The double tier of windows heats the courtroom like a greenhouse. Everyone is sweating apart from Dreyfus, perhaps because he is accustomed to the tropics. The only time he shows real emotion again is when Jouaust brings up the old canard that he confessed on the day of his degradation to Captain Lebrun-Renault.
‘I did not confess.’
‘But there were other witnesses.’
‘I do not remember any.’
‘Well then, what conversation did you have with him?’
‘It was not a conversation, Colonel. It was a monologue. I was about to be led before a huge crowd that was quivering with patriotic anguish, and I said to Captain Lebrun-Renault that I wished to cry out my innocence in the face of everybody. I wanted to say that I was not the guilty man. There was no confession.’
At eleven, the session ends. Jouaust announces that the next four days of hearings will be held behind closed doors, so that the judges can be shown the secret files.
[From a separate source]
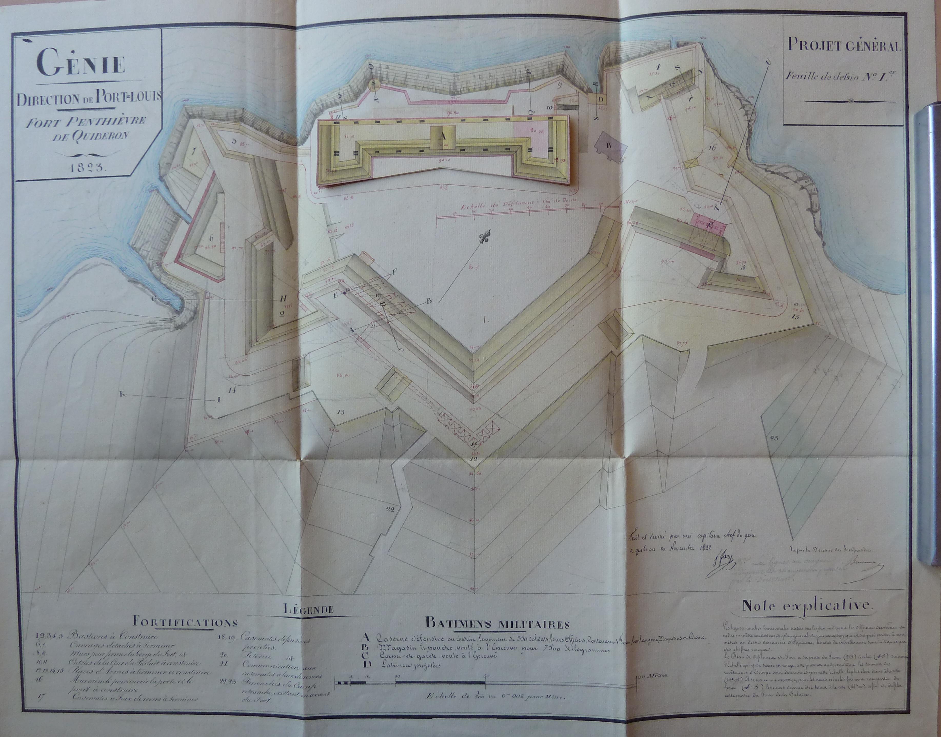 Service historique de la Défense, département Armée de Terre, Vincennes. Archives du Génie ; Article 8, Places françaises et d'Algérie : 1 VH 1515, Place de Quiberon, projets et dépenses annuels, 1747-1822. Direction du Génie de Port-Louis, Fort Penthièvre, feuille n° 1 des projets pour 1823, décembre 1822.

The public and press will be barred, and so will I. It will be at least a week before I am called to give evidence.
Dreyfus is escorted back the way he came without once looking in my direction, and the rest of us file out into the brilliant August heat, the journalists all running away down the street towards the special telegraph operators in their haste to be first with their description of the Prisoner of Devil’s Island.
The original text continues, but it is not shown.